E = A × EF × (1-ER/100)

| where: | |
| E | = emissions, in units of pollutant per unit of time |
| A | = activity rate, in units of weight, volume, distance, or duration per unit of time |
| EF | = emission factor, in units of pollutant per unit of weight, volume, distance, or duration |
| ER | = overall emission reduction efficiency, in % |
Emission factors are used by atmospheric dispersion modelers and others to determine the amount of air pollutants being emitted from sources within industrial facilities.

==Chapters==

| Chapter 1 | External Combustion Sources |
| Chapter 2 | Solid Waste Disposal |
| Chapter 3 | Stationary Internal Combustion Sources |
| Chapter 4 | Evaporation Loss Sources |
| Chapter 5 | Petroleum Industry |
| Chapter 6 | Organic Chemical Process Industry |
| Chapter 7 | Liquid Storage Tanks |
| Chapter 8 | Inorganic Chemical Industry |
| Chapter 9 | Food and Agricultural Industries |
| Chapter 10 | Wood Products Industry |
| Chapter 11 | Mineral Products Industry |
| Chapter 12 | Metallurgical Industry |
| Chapter 13 | Miscellaneous Sources |
| Chapter 14 | Greenhouse Gas Biogenic Sources |
| Chapter 15 | Ordnance Detonation |
| Appendix A | Miscellaneous Data & Conversion Factors |
| Appendix B.1 | Particle Size Distribution Data and Sized Emission Factors for Selected Sources |
| Appendix B.2 | Generalized Particle Size Distributions |
| Appendix C.1 | Procedures for Sampling Surface/Bulk Dust Loading |
| Appendix C.2 | Procedures for Laboratory Analysis of Surface/Bulk Dust Loading Samples |

Chapter 5, Section 5.1 "Petroleum Refining" discusses the air pollutant emissions from the equipment in the various refinery processing units as well as from the auxiliary steam-generating boilers, furnaces and engines, and Table 5.1.1 includes the pertinent emission factors. Table 5.1.2 includes the emission factors for the fugitive air pollutant emissions from the large wet cooling towers in refineries and from the oil/water separators used in treating refinery wastewater.

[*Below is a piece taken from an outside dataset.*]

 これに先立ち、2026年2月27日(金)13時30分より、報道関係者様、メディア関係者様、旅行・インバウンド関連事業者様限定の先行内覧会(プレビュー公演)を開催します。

The fugitive air pollutant emission factors from relief valves, piping valves, open-ended piping lines or drains, piping flanges, sample connections, and seals on pump and compressor shafts are discussed and included in the report EPA-458/R-95-017, "Protocol for Equipment Leak Emission Estimates" which is included in the Chapter 5 section of AP 42. That report includes the emission factors developed by the EPA for petroleum refineries and for the synthetic organic chemical industry (SOCMI).

In most cases, the emission factors in Chapter 5 are included for both uncontrolled conditions before emission reduction controls are implemented and controlled conditions after specified emission reduction methods are implemented.

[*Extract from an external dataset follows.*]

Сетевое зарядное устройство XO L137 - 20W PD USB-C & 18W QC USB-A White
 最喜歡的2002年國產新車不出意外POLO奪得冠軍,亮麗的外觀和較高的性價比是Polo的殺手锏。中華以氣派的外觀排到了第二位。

Chapter 7 "Liquid Storage Tanks" is devoted to the methodology for calculating the emissions losses from the six basic tank designs used for organic liquid storage: fixed roof (vertical and
horizontal), external floating roof, domed external (or covered) floating roof, internal floating roof, variable vapor space, and pressure (low and high). The methodology in Chapter 7 was developed by the American Petroleum Institute in collaboration with the EPA.

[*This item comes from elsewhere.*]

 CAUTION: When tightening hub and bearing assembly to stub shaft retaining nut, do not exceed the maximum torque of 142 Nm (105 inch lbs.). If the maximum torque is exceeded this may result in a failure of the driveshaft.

The EPA has developed a software program named "TANKS" which performs the Chapter 7 methodology for calculating emission losses from storage tanks. The program's installer file along with a user manual, and the source code are available on the Internet.

Chapters 5 and 7 discussed above are illustrative of the type of information contained in the other chapters of AP 42. Many of the fugitive emission factors in Chapter 5 and the emissions calculation methodology in Chapter 7 and the TANKS program also apply to many other industrial categories besides the petroleum industry.